Но мы далеко уклонились от речи об аскетизме, которому предался Гоголь. Людям того поколения, которое приобрело господство в нашей литературе после отъезда Гоголя за границу, аскетизм этот казался так несообразен с их понятием о следствиях, естественно вытекающих из прежних сочинений Гоголя, что вообще распространилась мысль, будто Гоголь "Перепиской с друзьями" отказывается от своей прежней деятельности и даже должен осуждать тот огонь негодования против общественных пороков, который давал жизнь "Ревизору" и первому тому "Мертвых душ". Многие неловкие выражения о прежних своих сочинениях со стороны самого Гоголя подтверждали эту догадку. Но чтение писем, теперь изданных, заставляет нас согласиться с уверениями Гоголя, что новое направление не помешало ему сохранить свои прежние мнения о тех предметах, которых касался он в "Ревизоре" и первом томе "Мертвых душ". Сущность перемены, происшедшей с Гоголем, состояла в том, что прежде у него не было определенных общих убеждений, а были только частные мнения об отдельных явлениях; теперь он построил себе систему общих убеждений.
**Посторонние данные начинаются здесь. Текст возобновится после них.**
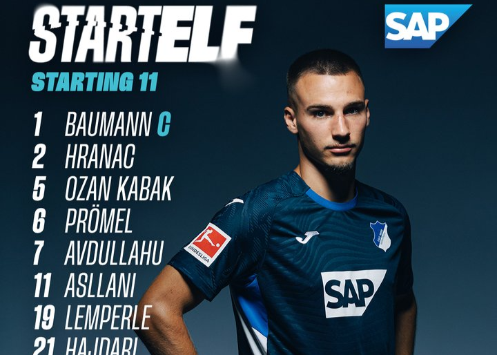 霍芬海姆首发阵容:1-鲍曼、5-卡巴克、21-哈吉达里、2-赫拉纳克、27-克拉马里奇、34-曹法尔、6-普罗梅尔、7-阿夫杜拉胡、29-图雷、19-伦珀尔、11-阿斯拉尼
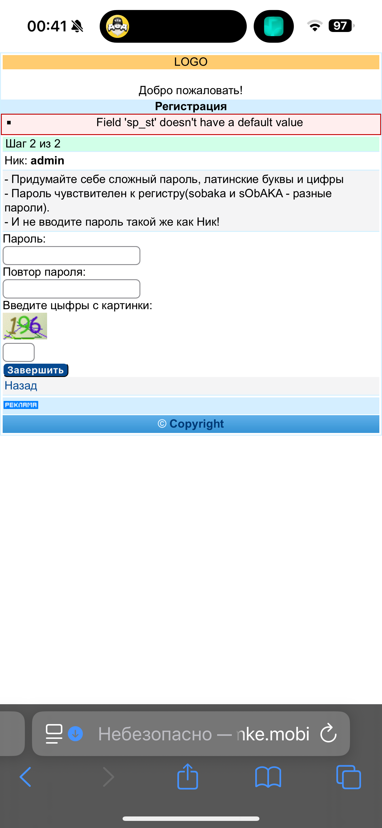 Нужна помощь с двигом соцки кота.Не работает регистрация пишет ошибку Field 'sp_st' doesn't have a default value
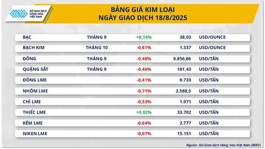 Khép lại phiên giao dịch đầu tuần, thị trường kim loại chứng kiến lực bán áp đảo khi 8/10 mặt hàng đồng loạt giảm giá. Hợp đồng quặng sắt kỳ hạn tháng 9 nối dài chuỗi giảm sang phiên thứ 4 liên tiếp, giảm gần 0,5% xuống 101,43 USD/tấn.
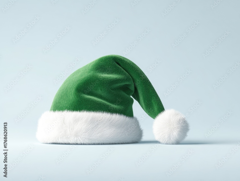 Green Christmas Santa Hat with White Fur Trim on Light Background #1768620913
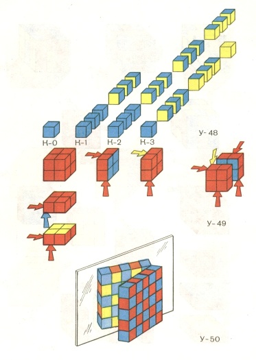 - У-50. Двостороння шахова дошка, розміром 5Х5 (У-46). Всі 6 граней мають шахову забарвлення. Велика, невидима на малюнку грань повинна бути червоно-жовтого або жовто-синій, а вузькі грані - тієї ж забарвлення, що і одна з широких. На рис. 46 усі вони червоно-сині. Це одне з найскладніших завдань. При його виконанні майже все роблять помилки і втрачають масу часу на їх виправлення, перестановку кубиків (дошка Сергія Бєляєва, 14 років).

При этом деле человек обыкновенно сохраняет те частные мнения, какие имел прежде, и если они логически не подходят под общий принцип, им вновь принимаемый, он скорее обманет себя, допустит логическую непоследовательность, допустит очевидное противоречие, нежели найдет нужным отказаться от прежних мнений. С так называемыми нравственными обращениями почти такая же история, что с променом одного языка на другой. Эльзасский немец вздумал быть французом и действительно употребляет французские слова, но выговор остался у него прежний, весь склад речи прежний, и по одной фразе, по одному слову вы тотчас узнаете, что перед вами все-таки немец, а не француз. Идолопоклонники-китайцы вздумали быть буддистами, и по общим фразам их кажется, будто они стали монотеистами; но они сохранили всех своих идолов и все свои прежние понятия.